海外のSNS運用実務では、承認に関わる人数を必要以上に増やすと滞留しやすいため、役割と最終承認者を明確にする考え方が示されています。ツール導入の有無にかかわらず、下書き・確認中・差し戻し・公開予約・公開済みといった状態を共有できるようにしましょう。Sprout Socialの承認フローに関する解説も、役割と確認期限を考える参考になります。
5.コメント・ダイレクトメッセージへの対応範囲
公式アカウントでは、投稿だけでなく返信にもブランドの印象が表れます。返信する内容、返信しない内容、他部署へ引き継ぐ内容を分けておきます。
- 返信する:営業時間、公開済み情報への案内、一般的な利用方法
- 個別対応へ切り替える:契約内容、注文・予約、苦情、個人情報を含む相談
- 原則として公開返信しない:誹謗中傷、なりすましの疑い、事実関係を確認中の指摘
返信テンプレートは便利ですが、どの相談にも同じ文面を返すと不誠実に見えることがあります。定型文は「受付したことを伝える」「適切な窓口へ案内する」ために使い、事実関係の説明や謝罪の文面は状況に応じて責任者が判断する設計が安全です。
6.誤投稿・批判・なりすましが起きた場合の初動
緊急時の文書は、長い解説よりも最初の30分で必要な行動が分かることを優先します。少なくとも、次の4点を記載してください。
- 投稿を削除・非公開・訂正する判断者
- マーケティング、広報、法務、情報システム、経営者などへの連絡順
- 投稿URL、画面、投稿時刻、反応の変化を記録する担当者
- 通常投稿の予約を継続するか停止するかの判断基準
重要なのは、批判的な反応をすべて「炎上」と扱わないことです。誤字やリンク切れなら訂正で済むことがあります。一方で、顧客影響、安全性、個人情報、差別的と受け取られる表現などが関わる場合は、投稿担当者だけで結論を出さず、事実確認と責任者への報告を優先します。
7.更新の担当者と見直すタイミング
ガイドラインは作成して終わりではありません。新しいサービス、組織変更、委託先の変更、アカウント追加、実際の差し戻しやトラブルをきっかけに改訂します。

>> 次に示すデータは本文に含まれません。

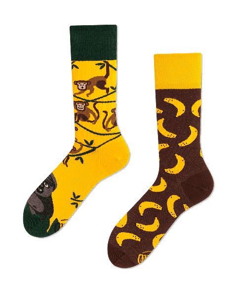 Πολύχρωμες κάλτσες για όλους όσους ασχολούνται με μαϊμούδες: στο σπίτι, σε μια συνάντηση, σε επαγγελματικό ταξίδι ή στο γραφείο, καθώς και για όσους αγαπούν τα κόλπα με μαϊμού: στο κλαμπ, στη βόλτα, στον κινηματογράφο ή στο την αστική ζούγκλα. Τα δημιουργήσαμε για να κρατήσει την μπανάνα στο πρόσωπό σας. Ολη μέρα. Αυτές είναι τέλειες κάλτσες δώρου για ένα μεγάλο αγόρι και έναν εταιρικό πρόεδρο. Για το αφεντικό μιας εταιρείας και έναν πολυάσχολο ελεύθερο επαγγελματία. Για όσους μπαίνουν με θάρρος στο άλσος των πιθήκων και για όσους πρέπει πάντα να έχουν μαζί τους έναν γορίλα – φτιάξαμε το Monkey Business.

最低でも四半期ごとに、承認に時間がかかった投稿、繰り返し修正された項目、返信に迷った問い合わせを振り返りましょう。ルールを追加するだけでなく、使われていない項目を削ることも大切です。
仮のケース:法人向けサービスで回る承認フロー
ここでは、マーケティング担当者1名、事業部の確認者1名、広報責任者1名で法人向けサービスのSNSを運用する仮のケースを考えます。
- 担当者:投稿テーマの選定、原稿・画像作成、公開予約、一次返信
- 事業部確認者:機能、料金、導入条件、顧客への影響に関する事実確認
- 広報責任者:ブランド表現、社会的な反応が想定される投稿、緊急発信の公開判断
「新しい記事を公開しました」という投稿は、担当者と事業部確認者の確認で公開します。「新料金プランを発表しました」は、事業部確認者に加え、広報責任者の確認を通します。「障害に関するお知らせ」は予約投稿を一時停止し、責任者が文面と公開時刻を決めます。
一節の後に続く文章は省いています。